The Brook Farm Institute of Agriculture and Education was founded by George Ripley in 1841 as an experiment in communal living inspired by the ideals of Transcendentalism.  The experiment was later revised after the ideas of Charles Fourier.  Ripley gave it up as a failure in 1846.  It was poorly financed and managed, but did it achieve any moral benefits?  Some enjoyed the atmosphere.  Nathanial Hawthorne didn’t.  Henry David Thoreau hated it.  George Ripley’s wife later described the Brook Farm optimism as ‘childish, empty, and sad.”

Someone who had the luxury of creating an experiment in his imagination and not actually having to put it to the test was Edward Bellamy.  His Looking Backward: 2000-1887 portrayed a Socialist society in which all moral evils had been eliminated.  Yes, there is still a bit of crime, but it is considered a medical rather than a criminal matter.  Bellamy’s social paradise approximates.  Utopians share the idea that man is born good and corrupted by inadequate societies. 

I suspect the idea that if a perfect society can be created perfect morality will follow must be laid at the feet of Rousseau.  Rousseau in his “Discourse on Inequality,” held that uncorrupted morals prevailed in the state of nature.  Assuming this to be correct, what was needed to create a society in which perfect morals prevailed was to construct it on the pattern of nature.   His model man was the independent farmer.  The Unabomber proposed something like that in his manifesto.  Societies were largely agricultural in Rousseau’s day, but in the day of Ted Kaczynski society would have to be deconstructed to put the independent farmer back in a key role.  Kaczynski, a Leftist idealist from Berkeley, was happy to begin his revolution in his own small way, letter bomb by letter bomb. 

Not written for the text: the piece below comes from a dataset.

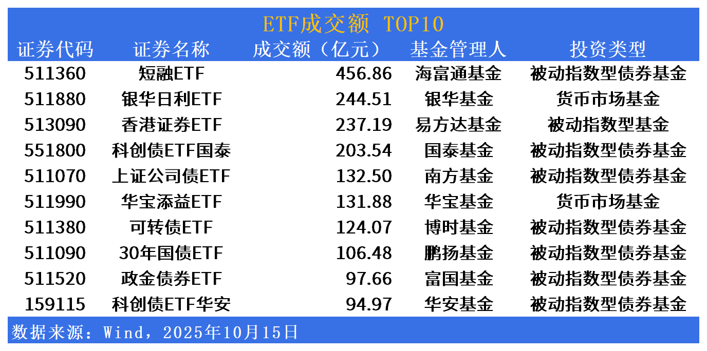 成交额方面,短融ETF(511360)今日成交额居首,达456亿元;银华日利ETF(511880)、香港证券ETF(513090)、科创债ETF国泰(551800)成交额紧随其后。

What these revolutionary utopias have in common is 1) Details of the destruction of Liberal Democracy are described and in some cases begun, but not the details of how to build the perfect state that is to follow.  And 2) Moral standards are not described.  What the good life is to consist of isn’t addressed beyond physical care, control and maintenance.  

[I needn’t mention but I will anyway, that Communist states have been constructed, and while there may have been some of benign ideals in the minds of some of the creators, what was actually created could be distinguished from other tyrannies by name only.]